Sunday, 22 de December de 2024 ISSN 1519-7670 - Ano 24 - nº 1319

As leituras dos outros

Agora que vocês já conhecem os livros que marcaram minha infância, apresento-lhes as primeiras seduções literárias de alguns amigos e conhecidos, colhidas e anotadas aqui e ali. Como esperado, Monteiro Lobato deu uma sova nos concorrentes, com cerca de 70% das preferências; percentual que na certa aumentaria se ampliasse o número de consultados.

Clarice Lispector, cujas primeiras leituras foram O Patinho Feio (de Hans Christian Andersen) e A Lâmpada de Aladim (das Mil e Uma Noites), apaixonou-se de tal modo pelas Reinações de Narizinho que fez de uma menina vidrada na mesma história a protagonista do conto “Felicidade Clandestina”. Outra escritora enfeitiçada pelo universo paralelo das Reinações de Narizinho: Ana Maria Machado, que recriou as fantasias de Lobato no sítio dos seus avós, onde passava as férias.

O crítico e romancista Silviano Santiago adorava “o absurdo gostoso e nada convencional” de Emília e do Visconde de Sabugosa, mas achava Dona Benta, Anastácia, Pedrinho e Narizinho enfadonhos. João Ubaldo Ribeiro deleitava-se com todos os personagens de Lobato, sem exclusão dos derivados do imaginário estrangeiro. Se obrigados a selecionar apenas um só título, Caetano Veloso, Antonio Cícero e Macalé ficariam com A Chave do Tamanho. “Li outros dele com interesse”, acrescenta Caetano, “mas a ideia de mudar tudo no mundo só mudando o tamanho das pessoas era poderosa. E Emília dar um pontapé na bunda do Hitler acrescentava um sabor estranho de reportagem àquela história fantástica.”
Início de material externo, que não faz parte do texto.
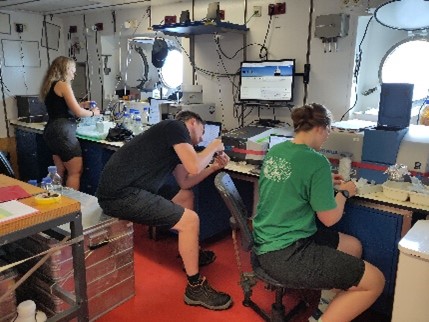Wir als Arbeitsgruppe Marine Sensorsysteme haben aber nicht nur nach unseren Driftern Ausschau gehalten, sondern es spielte sich ein großer Teil unserer Arbeit an Bord auch im Labor ab. Hier kamen eine Vielzahl spezialisierter Geräte zum Einsatz, mit denen wir die gesammelten Wasserproben aus der Schiffs-CTD analysierten. Mit der PSICAM, einem hochsensitiven Absorptionsmessgerät, lassen sich zum Beispiel die optischen Eigenschaften gelöster und partikulärer Substanzen bestimmen. Ergänzt wurde das durch das Aqualog, ein Fluorometer, mit dem wir gelöste organische Substanzen analysierten – ein wertvolles Werkzeug zur Untersuchung von biogeochemischen Prozessen im Oberflächenwasser. Für die detaillierte Analyse von Lichtabsorption und -reflexion nutzten wir außerdem ein Fotospektrometer. All diese Instrumente liefern uns hoffentlich wichtige Informationen über die chemische Zusammensetzung und optischen Eigenschaften des Oberflächenwassers und tragen so entscheidend dazu bei der oberen Wassersäule ganzheitlich zu erfassen.

Nelson Motta também destaca A Chave do Tamanho, assim como As Reinações de Narizinho e Caçadas do Pedrinho, mas, a exemplo do publicitário Washington Olivetto, seu xodó era Os 12 Trabalhos de Hércules, acesso de não sei quantas gerações de brasileiros ao universo maravilhoso da mitologia grega.

Fascínio das imagens

E Monteiro Lobato, que leituras o deslumbraram quando menino? Os habituais suspeitos do final do século 19: os fabulistas clássicos (Esopo, La Fontaine), os irmãos Grimm, Lewis Carroll, L. Frank Baum (O Mágico de Oz) e Wilhelm Busch (Juca e Xico). O mago de Taubaté teve, portanto, os melhores mestres da categoria.

Rubem Fonseca, que estranhamente (o advérbio é dele) nunca leu Lobato nem qualquer outro autor de ficção dita infantil, descobriu o prazer da leitura “com escritores de quinta categoria”: Michel Zevaco, Ponson Du Terrail, Rafael Sabatini, H. Rider Haggard, Emilio Salgari, James Fenimore Cooper, Karl May, cujas narrativas aventurescas alcançaram até a minha geração, uns mais outros menos. O best seller alemão Karl May, por exemplo, nunca li, só na tela acompanhei, desinteressado, a saga do cacique apache Winnetou.

Talvez mais estranho do que eu não ter lido Karl May (200 milhões de exemplares vendidos no mundo inteiro) foi Millôr Fernandes ter-se ligado, ali por volta dos 15 anos, a uma obra de Coelho Neto. Até então, consumira somente aquelas noveletas em fascículos (Fausta Vencida, A Córsega em Chamas) que a editora Vecchi deixava na porta de sua casa, no subúrbio carioca do Méier. Coelho Neto foi uma revelação e um suadouro lexical. Para acompanhar a viagem no tempo do protagonista de Imortalidade, Millôr tomou um chá de dicionário. Ao reler o livro, muitos anos depois, achou-o “uma solene babaquice”.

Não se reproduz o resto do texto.